Louis Proyect lnp3 at
Sun Feb 23 08:23:01 MST 2003

NY Times Magazine, Feb. 23, 2003

Mathematics is one academic subject that would seem to reside in a world of
universality, protected from competing opinions by the objectivity of its
laws. But the real universal law is that everything is relative, even in
math. The release last month of a new math curriculum for New York City
schools by Mayor Michael R. Bloomberg has elicited something just short of
vituperation. Back-to-basics advocates denounce as ''fuzzy math'' its
inclusion of so-called constructivist teaching techniques. Critics complain
that those approaches encourage self-discovery and collaborative
problem-solving at the expense of proved practices like memorization,
repetition and mastery of algorithm.

It's all the latest in a century of American math wars. The previous
generation can remember the struggle over ''new math'' during the 1950's
and 60's. (''Hooray for new math,/New-hoo-hoo math!'' Tom Lehrer sang. ''It
won't do you a bit of good to review math./It's so simple,/So very
simple./That only a child can do it!'') Battles flared even earlier in the
century over ''progressive'' agendas for math education of the type pushed
by John Dewey.

How tame those struggles seem, however, when compared to the rising
vanguard of self-described ethnomathematicians. For some, the new
discipline just means studying the anthropology of various measurement
methods; they merely want to supplement the accepted canon -- from
Pythagoras to Euclid to Newton -- with mind-expanding explorations of
mathematical ideas from other cultures. For others, however,
ethnomathematics is an effort to supplant the tyranny of Western
mathematical standards.

The Postulates

Ethnomathematics has a few parents, but most observers trace its formal
birth to a speech given by the Brazilian mathematician Ubiratan D'Ambrosio
in the mid-1980's. Now an emeritus professor of math at the State
University of Campinas outside S-o Paulo, he explained his thinking a
couple of years ago to The Chronicle of Higher Education: ''Mathematics is
absolutely integrated with Western civilization, which conquered and
dominated the entire world.

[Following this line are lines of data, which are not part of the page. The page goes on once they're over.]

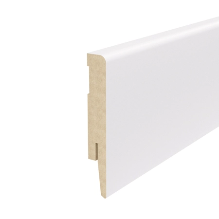 MDF (Medium Density Fiberboard) to płyta drewnopochodna o średniej gęstości, szeroko stosowana w produkcji listew przypodłogowych i dekoracyjnych. Łączy stabilność wymiarową z gładką powierzchnią, która ułatwia malowanie i wykończenie według indywidualnych potrzeb.
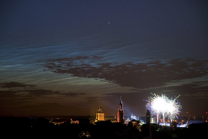 What a treat! A very fine display of noctilucent clouds ánd fireworks at André Rieu's open air concert in Maastricht (NL) tonight.
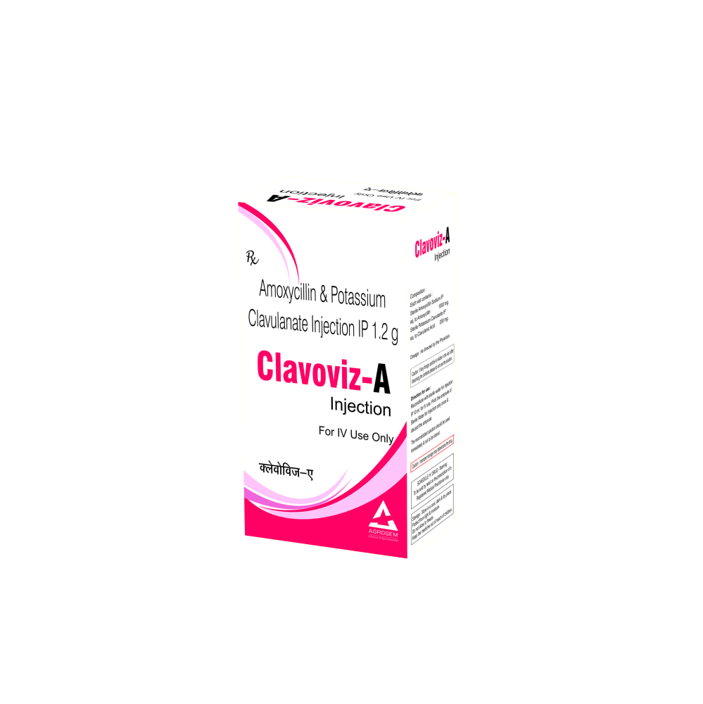 CLAVOVIZ-A INJECTION Product Name : CLAVOVIZ-A INJECTION Composition : Amoxycillin 1000mg + Pot. Colour : N/A DOSAGE : As Directed by the Physician. STORAGE : Store in a cool, dark & dry place. Manufactured By : AGRON REMEDIES PVT. LTD. Certified Plant : WHO-GMP, ISO 9001-2015, TCL & JAS-ANZ Certified Company since 1986. Marketed By : AGRON REMEDIES PVT. LTD. Contact Number : +91 8859000627 Email Address : remedies.agron@gmail.com Official Websites : www.agronremedies.com www.agrogem.net Our Service : PCD Pharma Franchise, Third Party Manufacturing, Export & Govt. Tender Supply.
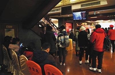 除夕夜,老字号全聚德前门店,等待翻台吃年夜饭的客人在门口排队等着叫号。
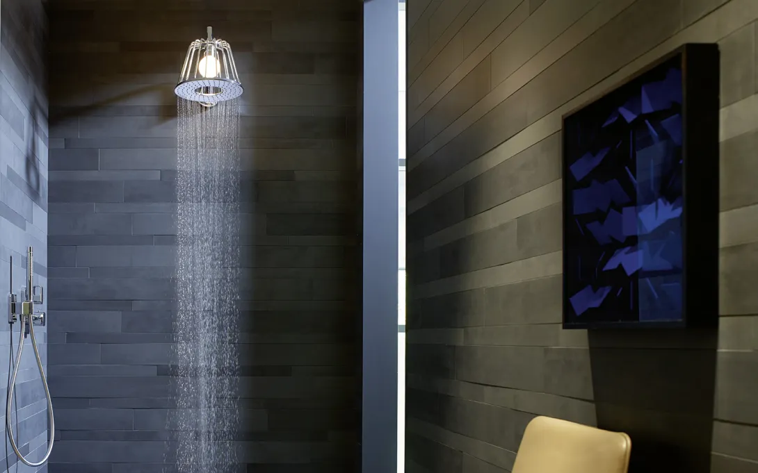 Eine Erweiterung der sinnlichen Wahrnehmung – dafür sorgt die Designkreation des japanischen Büros Nendo. Die Kombination des breiten Regenkranzes mit dem warmen Ambientelicht entschleunigt den Alltag und macht Ihr Badezimmer wohnlicher. Wir beraten Sie gerne zur Wahl der passenden LampShower-Oberfläche für Ihr Badezimmer.
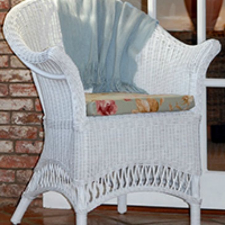 Beautiful rattan conservatory chair in gloss white with black cushioning.
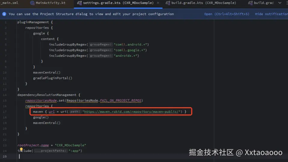 找到settings.gradle.kts,并在dependencyResolutionManagement节点的repositories 中添加Maven仓库。
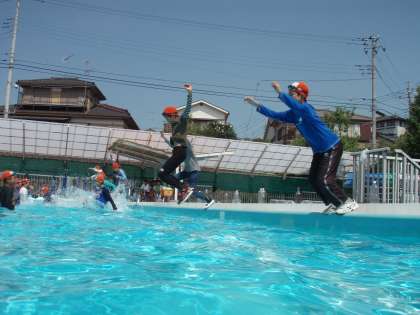 6年生が、着衣泳を行いました。通常の水泳学習で水慣れした後、用意してきた、長袖、長ズボンを上に着て、プールへ。水を吸って重くなった服に苦労しながら、浮いたり泳いだりしました。ペットボトルにつかまって、楽に浮く経験もしました。
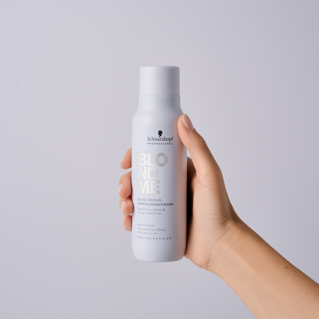Neutralising yellow undertones and helping to prevent brassiness, BlondMe Bond Repair Purple Conditioner with BOND REPAIR TECHNOLOGY intensively conditions the hair with a softening formula, instantly detangling from the lengths to ends and providing a silky feeling. Enriched with Almond Oil and Cornflower, the conditioner delivers targeted levels of cool pigments to maintain a fresh cool tone direction for improved blonde clarity, without changing the hair colour. Restoring radiance and shine, it strengthens the hair by building inner hair bonds, repairing damage equivalent to two lightening services after just one use.
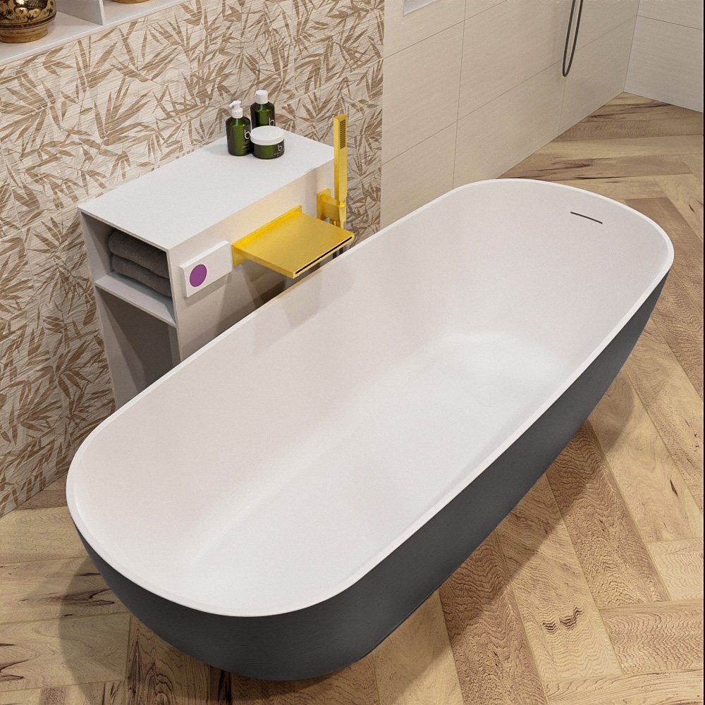 Mondiaz Vrijstaand bad Rock – 170x70cm – dark grey (donker grijs)/ talc (mat wit) – BK75341061
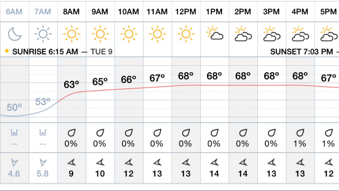 Cool / raw morning clouds poss Fog & Drizzle temps 60’s NE winds 10-15mph

The only possibility of building up a planetary
civilization depends on restoring the dignity of the losers.'' Robert N.
Proctor, who teaches the history of science at Pennsylvania State
University, says he wants to counter the notion ''that the West is the be
all and end all'' when it comes to mathematical studies. ''After all,'' he
adds, ''all math is ethnomath -- not just African kinship numerics or
Peruvian bead counting, but also the C.I.A.'s number-crunching cryptology
and Reaganomics.''

To redress their pedagogical grievances, these ethnomathematicians want
math curriculums that place greater emphasis on the systems of previous
civilizations and certain traditional cultures. Studies of state
civilizations might focus on Chinese or Arabic math concepts. One study,
for example, has shown how the Chinese Chu Shih-chieh triangle anticipated
by more than three centuries the highly similar arrangement of numerals by
Pascal that holds sway in many Western teachings of probability theory.

In her seminal books ''Ethnomathematics'' and ''Mathematics Elsewhere,''
Marcia Ascher, emerita professor of mathematics at Ithaca College,
chronicles the astonishingly complex data-storage systems embedded in
quipu, bundles of cotton cord knotted by Incans according to a
sophisticated base-10 numeration system. At a more quotidian level, Ron
Eglash of Rensselaer Polytechnic Institute has written and taught
extensively about the nuances of fractals, or repeating patterns, that can
be found in certain African craft work. (Eglash stresses a distinction
between simple-minded multicultural math -- ''which merely replaces Dick
and Jane counting marbles with Tatuk and Esteban counting coconuts'' -- and
what he calls the ''deep design themes'' that represent mature, developed
mathematical systems too often ignored in the study of many societies.)